Easy fish curry

Mid week just-got-home-from-work dinners are my biggest challenge. It’s easy to get a nice meal on the table when you have lots of time to plan and prepare and shop for it, but it’s trickier on long work days. One of my favourite ways to do it is with prepared curry pastes. I use them as a flavour base for a quick stir fry as well as in curries. All up this fish curry took just under an hour from the time I walked in the door until we sat down to eat.

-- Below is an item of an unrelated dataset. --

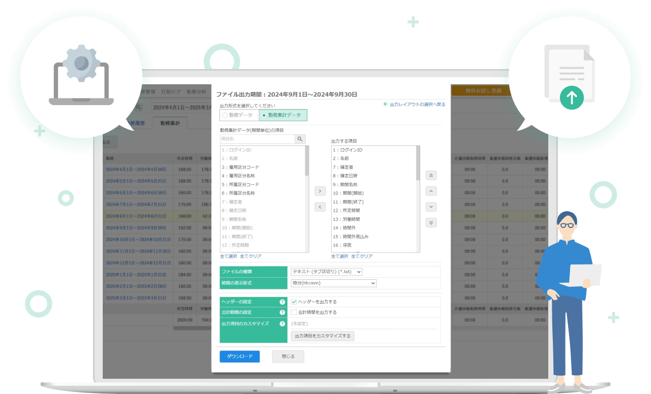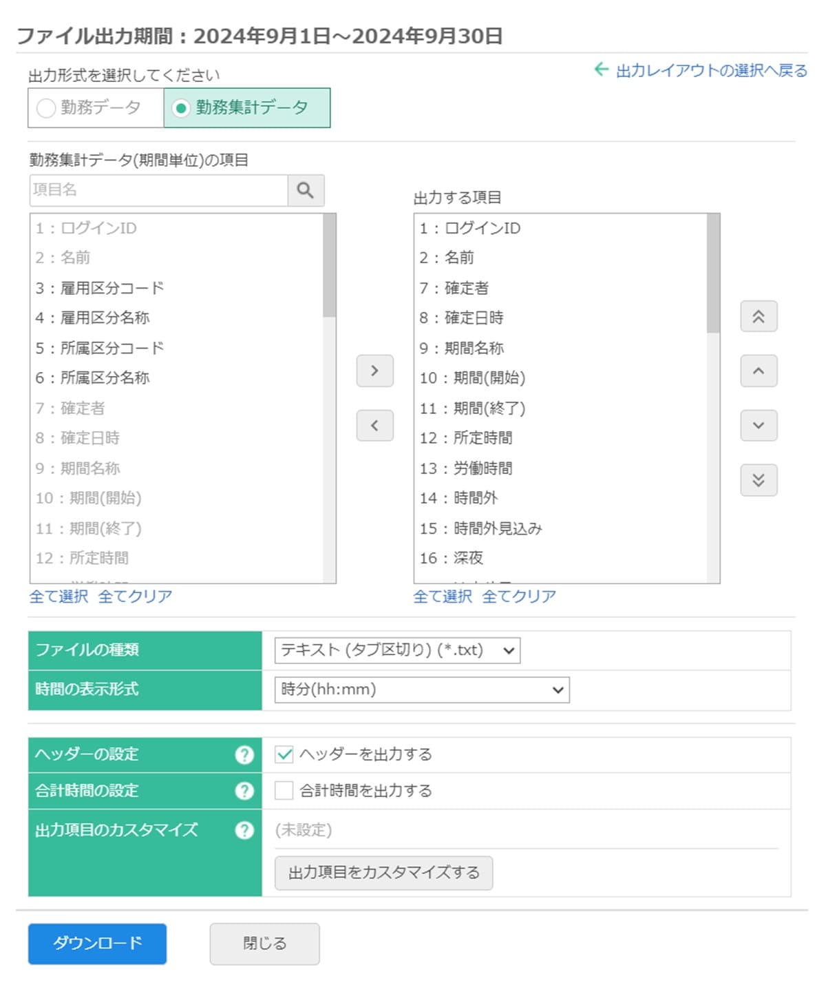 出力する項目や順番、時間の表示形式、項目名は給与計算ソフトに合わせて自由にカスタマイズする事が可能です。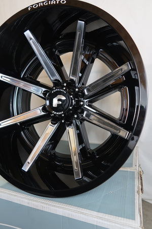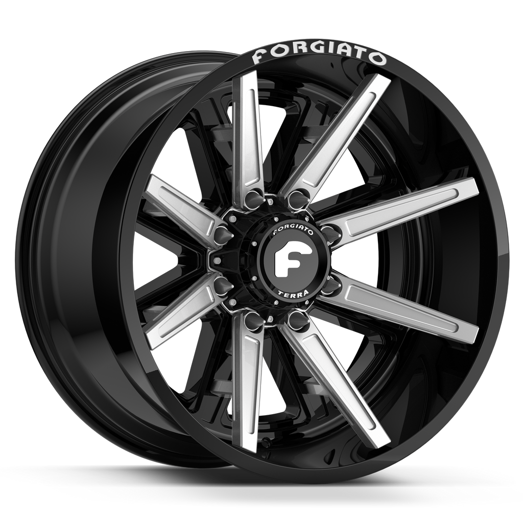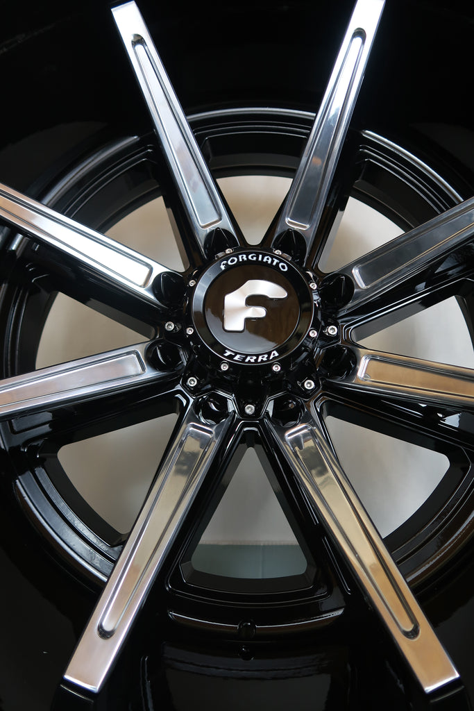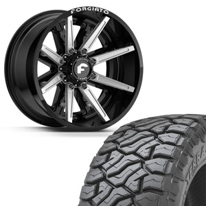 SET OF 4 FORGIATO FLOW TERRA 005 24x14/24x12 6x139.7(6x5.5) OFFROAD BLACK/MILLED WITH VENOM POWER TERRA HUNTER R/T 35X12.50R24 BLK.

Note: vary the quantities according to how many you’re feeding, we all know that I always make too much. This does make for a delicious lunch the next day though, pack it into a container with some leftover rice before you even clear the table, pop it in the fridge, and it’s ready to go on your way out the door the next morning. Thumbs up.

what you need

  • 1 or 2 jars of yellow curry paste, depending on how much fish you’re using
  • one brown onion, peeled and chopped into wedges
  • 2 garlic cloves, minced or grated
  • 1 small knob of ginger, minced or grated
  • 2 cans of coconut milk
  • 1 large sweet potato, peeled and cut into large cubes
  • 500g to 1kg firm fleshed white fish fillets {ling is my pick}, chopped into chunks, not too small 
  • 1 bunch {or 2 if you like more} of bok choi or similar Asian greens, ends trimmed and cut into half or thirds
  • 1 to 2 tbsp fish sauce
  • 1 tbsp brown sugar
  • juice of one or two fresh limes
  • to serve, plain rice

what to do

Before you begin get your rice in the rice cooker and turn it on, so it’s ready to eat when the curry is finished.

Heat your wok to a medium high heat, and fry the curry paste until it’s darkened in colour and fragrant, around ten minutes. Add the onion and fry for a few minutes until softened, then add the garlic and ginger. Fry for a minute until the aromas are released, then add the coconut milk and turn the heat down to a simmer. Stir the coconut milk through.

Add the sweet potato and simmer until about half way cooked, then add the fish pieces. Cover with a lid and simmer. Just before the fish and sweet potato are cooked add the Asian greens, fish sauce, sugar, and however much lime juice you like, and stir it all through. Check the taste until you’re happy with it. Serve with the rice.